Tina Havelock Stevens and Ali Tahayori are part of the National Art School’s group show ‘Braving Time: Contemporary Art in Queer Australia’ at the NAS Galleries from 3.02. – 18.03.23. Curated by Richard Perram OAM, the exhibition platforms the diverse voices of LGBTQIA+ people in 21st century Australia and reflects the breath of genders and sexualities within the community and their experiences.

‘Braving Time’ highlights “that queerness is intersectional … capturing the optimism of change, of acceptance and the pure joy that will be felt by all during the Sydney WorldPride celebrations in 2023. The key themes and connections that flow and overlap throughout the exhibition are richly complex and represent issues that have been and remain central, to LGBTQIA+ lived experience including Our Queer Ancestors, Queer Worthies, Death and History, Feminist Expression, Family and Community, Maleness and Power, Humour, Gender and Sexuality.”

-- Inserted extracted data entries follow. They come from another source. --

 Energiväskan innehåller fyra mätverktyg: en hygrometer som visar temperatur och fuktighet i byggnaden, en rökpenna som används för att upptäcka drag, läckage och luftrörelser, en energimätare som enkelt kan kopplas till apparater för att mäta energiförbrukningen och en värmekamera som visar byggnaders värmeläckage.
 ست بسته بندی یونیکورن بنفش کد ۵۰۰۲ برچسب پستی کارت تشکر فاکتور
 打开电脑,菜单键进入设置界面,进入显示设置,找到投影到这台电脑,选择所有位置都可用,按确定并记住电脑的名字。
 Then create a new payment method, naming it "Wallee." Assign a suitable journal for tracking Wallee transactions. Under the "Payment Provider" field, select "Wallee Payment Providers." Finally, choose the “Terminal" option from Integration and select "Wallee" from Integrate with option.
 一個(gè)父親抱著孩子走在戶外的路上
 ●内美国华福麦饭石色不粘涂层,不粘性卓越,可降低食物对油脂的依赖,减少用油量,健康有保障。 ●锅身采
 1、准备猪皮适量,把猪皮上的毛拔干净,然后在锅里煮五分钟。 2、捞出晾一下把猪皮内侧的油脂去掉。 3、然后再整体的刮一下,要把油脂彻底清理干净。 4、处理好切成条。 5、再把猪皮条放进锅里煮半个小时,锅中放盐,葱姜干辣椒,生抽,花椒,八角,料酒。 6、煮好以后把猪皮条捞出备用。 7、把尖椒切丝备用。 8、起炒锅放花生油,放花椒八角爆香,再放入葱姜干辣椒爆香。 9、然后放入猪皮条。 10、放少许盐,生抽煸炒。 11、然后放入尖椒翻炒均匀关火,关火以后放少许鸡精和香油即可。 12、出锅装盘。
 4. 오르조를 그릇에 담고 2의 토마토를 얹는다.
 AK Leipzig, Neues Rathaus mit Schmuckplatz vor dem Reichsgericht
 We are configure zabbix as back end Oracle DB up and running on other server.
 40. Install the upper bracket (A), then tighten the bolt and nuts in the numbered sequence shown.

Ali Tahayori’s interdisciplinary practice ranges from conceptual photography to the moving image, and installation. Tahayori uses archival materials, narrative fragments and performative modalities to explore themes of identity, home, and belonging. Translating the traditional Iranian craft of Āine-Kāri (mirror-works) into a contemporary visual vocabulary, his practice combines a discourse about diaspora and displacement with an exploration of queerness – in both cases, poignantly testifying to his experience of being othered.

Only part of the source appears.